Sunday, November 8, 2015

[H2_ACJC2015P2Q7] Choosing balls by another method

Question


Introduction
     This question is taken from a Junior College examination in Singapore.  It looks deceptively simple.  Actually, there is an easy way to solve it.  But reading the question made me do a double take.  Since we are choosing a maximum of  4  balls for a given colour and balls of the same colour are indistinguishable, why bother having  6  balls?  It turns out that as long as we have  4  balls or more for each colour, the number of balls would not matter.  So this issue is a distractor.
     I shall explain my standard approach to solving this type of problem.  I present a solution in which part (iii) is solved via a case-by-case analysis.  I suspected that there is a short cut that avoids case-by-case analysis and I finally found a short cut by a flash of inspiration.  So I shall also present the short cut to part (iii).

My Approach
     When there are repeated indistinguishable objects, I imagine objects of the same type being stacked up in columns.  For part (i) of our problem, see the diagram on the left.  I am just choosing  4  columns out of  5  (indicated by the up arrows).  Once I have chosen the columns, I just take one ball out from each column and put it into my selection.  Imagine putting them into a plastic bag – the order of the balls does not matter.  The number of ways to do this is  5C4 = 5.

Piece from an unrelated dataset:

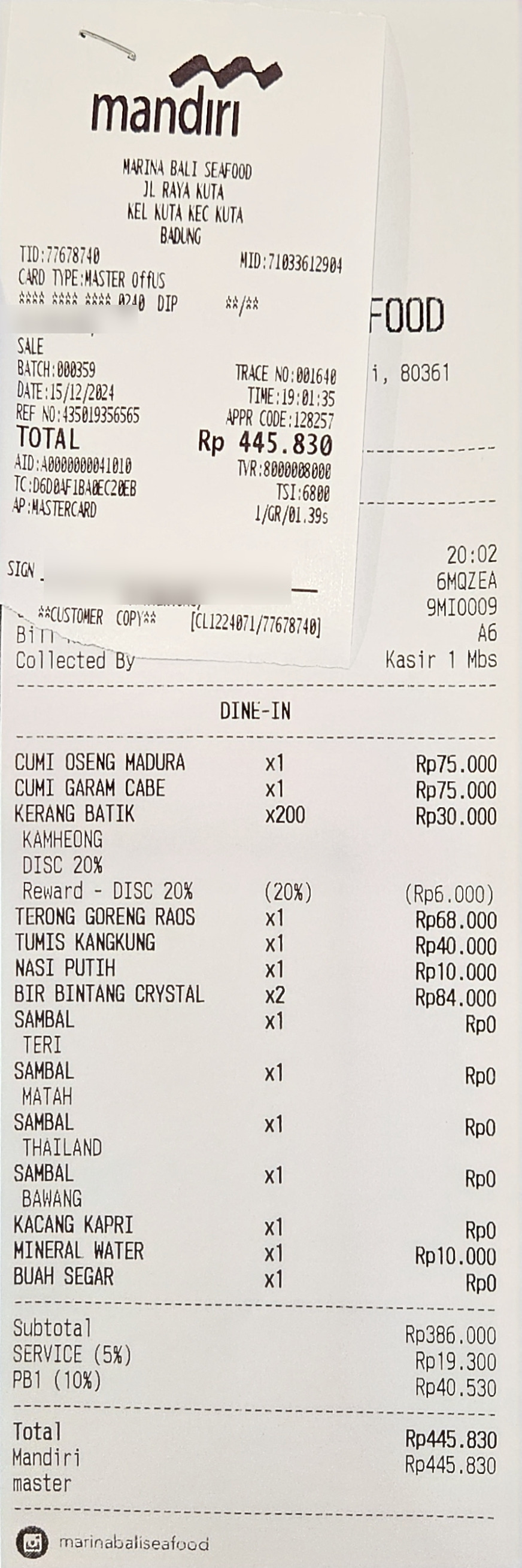 이렇게 푸짐하게 먹고, 445,830루피아.

For part (ii), see the diagram on the right.  First I choose one of the 5 columns and automatically take three balls (it does not matter which three actually) from that column.  From the remaining 4 columns, I choose one and pick out one of the balls from that column.  I can do this in  5 × 4 = 20 ways.  I call the pattern in part (i) “{XYZW}” (all different colours) and the pattern in part (ii) “{XXXY}” (three of one colour and another one of a different colour).  The curly brackets are a reminder that the order does not matter.   For part (iii), we can work out the other patterns and total up the number of ways.


Solution 1

(i)    Number of ways = 5C4 = 5.

(ii)   Number of ways = 5 × 4 = 20.

(iii) 
Pattern
Working
Number
{XXXX}
5C1  [5 columns, choose 1]
5
{XXXY}
done in part (ii)
20
{XXYY}
5C2  [5 columns, choose 2]
10
{XXYZ}
5 × 4C2  [5 ways for X, 4C2 ways for YZ]
30
{XYZW}
done in part (i)
5

Total =
70
             Number of ways = 5 + 20 + 10 + 30 + 5 = 70


Remarks
     Don’t you hate case-by-case analysis?  After thinking for a while, I found a short cut.  This requires thinking of a related problem.  Let us say, for example, we choose  2  orange balls,  1  green ball and  1  blue ball.  This is equivalent to throwing  4  grey (AmE. gray) balls with  2  of them going into a bin for marked “orange”,  1  into a bin marked “green”  and  1  into a bin marked “blue”.  There are  5  bins, one corresponding to each colour and they are separated by  4  grey separators (one less than the number of bins).  The number of grey balls in each bin indicates the number of balls of the respective colour chosen.  The aforementioned configuration can be codified as a string of symbols consisting of two dots followed by two separators, then a dot, a separator, a dot, and finally a separator.  Every balls-and-bins configuration can thus be codified as a string of consisting of 4 grey dots (representing 4 grey balls) and 4 separators. 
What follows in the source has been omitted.